Friday, December 13, 2013

How do I prepare a demand letter pursuant to Mass. Gen. Laws chapter 93A?




13 December 2013

There are many requirements to a demand letter (and we will touch on only one of them in this post).  The point to keep in mind is that it is not just a letter, it is a unique, special letter that if done properly triggers the obligations and protections afforded by the Massachusetts Consumer Protection Act.

For the (consumer) sender, it is a prerequisite to making a claim of a violation under the Act.  It is usually referred to as an unfair and deceptive business practice claim under Massachusetts law, which would entitle the sender/plaintiff double or treble damages, plus attorney’s fees and costs. The plaintiff must win at trial and then the judge decides whether the wrongful act or practice was a knowing violation of the act or the tender of settlement was made in bad faith with knowledge the act or practice was a violation.  Mass. Gen. Laws. c. 93A §9(3).

For the recipient, it means the clock is ticking on the opportunity to send a response (30 days from date sent, not received), a reasonable tender of settlement, to limit the damages possible if the court finds the tender was reasonable at the time in relation to the sender’s/plaintiff’s injuries/damages.

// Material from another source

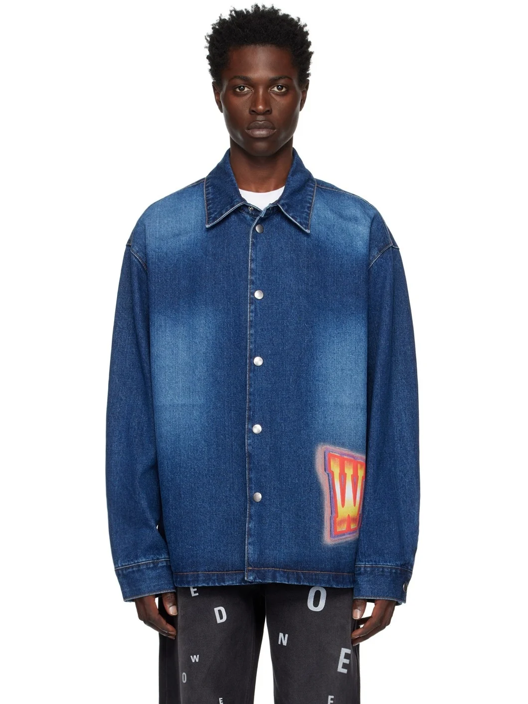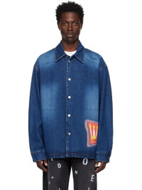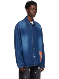 Non-stretch denim jacket. Fading throughout. · Spread collar · Press-stud closure · Welt pockets · Logo paint-effect at side seam · Press-stud barrel cuffs · Patch pockets at interior · Unlined · Logo-engraved silver-tone hardware · Contrast stitching in yellow Supplier color: Blue 100% cotton. Made in South Korea 222327M192006
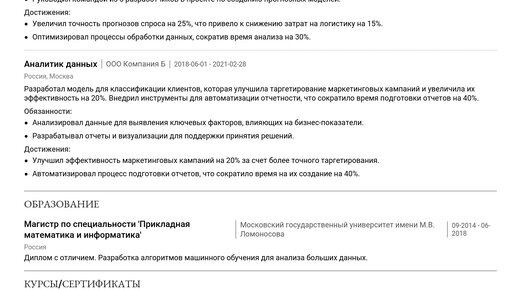 Пример резюме специалиста по машинному обучению — ваш главный помощник в составлении конкурентного CV. Изучите готовый материал, чтобы быстро создать резюме, которое приведет вас к офферу. 👋 На этой странице вы найдете готовые примеры резюме специалиста по машинному обучению для разных уровней и подробные пошаговые инструкции по каждому разделу: . Мы рассмотрим, как учесть актуальные требования работодателей и правильно адаптировать резюме под вакансию. Эти материалы помогут как начинающим, так и опытным специалистам по машинному обучению...

What makes this exchange so important is that if there is a trial, you can expect that there will be an argument over whether the letter was sufficient under the law, and if there was a response, whether is too was sufficient under the law.

As stated, there are many requirements to a demand letter under Mass. Gen. Laws c. 93A, a very important one is that the letter must “define the injury suffered and the relief demanded in a manner that provides the prospective defendant with an opportunity to review the facts and the law involved to see if the requested relief should be granted or denied and enables him to make a reasonable tender of settlement.” Simas v. House of Cabinets, Inc., 53 Mass. App. Ct. 131, 139 (2001).  This should be the heart of a demand letter.  Keep this in mind when drafting the letter.  It is helpful to review your letter when done from the perspective of the recipient and if enough info is provided to enable an evaluation of the claims.  A cursory description may not be enough.  Thorpe v. Mutual of Omaha Ins. Co., 984 F.2d 541 (1st Cir 1993).

The author sends and replies to demand letters under Mass. Gen. Laws c. 93A regularly and it is common to see insufficient letters sent, many by lawyers.  The author believes this is the case because there is more to the subject than many lawyers think and the subject matter changes as well.  (It is significant enough to be on the Massachusetts bar exam.).  There are many court rulings on the sufficiency of a demand letter (and response) and unless they are reviewed, one of the requirements may catch you.

            If you are preparing a demand or a response for the first time, you have to think if many attorney’s do not get it right, will you?  The author suggests considering engaging an attorney familiar with the body of case law on the sufficiency of a demand letter and responses to same before undertaking the endeavor.

Monday, December 2, 2013

I filed for bankruptcy and my credit union has frozen my bank account and seeks to “set off” the funds because of an outstanding balance on my credit union credit card, what can I do?




2 December 2013

There may be hope.  Initially, we will cover some history on the subject. 

Although it seems credit unions and bank have not tried this much in Massachusetts, in the past a credit union generally had a right to administratively freeze a bank account to prepare to seek a set off to collect an outstanding credit card balance upon a bankruptcy filing.   Citizens Bank of Maryland v. Strumpf, 516 U.S. 16 (1995).  That means the credit union, again generally, had the right to collect against the funds in a bank account for the unpaid balance of a credit card the credit union issued to the debtor.  Some debtors of certain credit unions were finding that their checking accounts were being frozen shortly after filing their case.  Under certain circumstances, some bankruptcy practitioners would advise their clients to withdraw funds from accounts to avoid this possibility. 

Now there appears to be a new and creative argument the debtor can raise when he finds himself in this situation.  The gist of the argument is that a section of a new law, known as 15 U.S.C. § 1666h(a), part of the Fai Credit Billing Act, generally prohibits a card issuer from seizing or pursuing a set off of funds on deposit to satisfy an outstanding credit card obligation (with the same bank).  This argument was tested in the case of Gardner v. Montgomery County Teachers Fed. Credit Union and came out on top.  864 F. Supp. 410 (D. Md. 2012).  In that particular case, the bank argued that the debtor had pledged a security interest, which may have allowed the bank to prevail.  There were a number of legally technical issues addressed and at the end of the day the bank was unsuccessful under the facts in the case.

This does not mean that a bank or credit union can never employ a set off; each case is different and facts can make the difference.   But it does mean that there is a possible new argument to explore and possibly raise if a debtor finds himself facing an administrative freeze and possible future set off.  Also, understand that before taking any action based on this blog or any other, it is best to seek the advice of competent bankruptcy counsel because your case is likely to be unique and have its own considerations.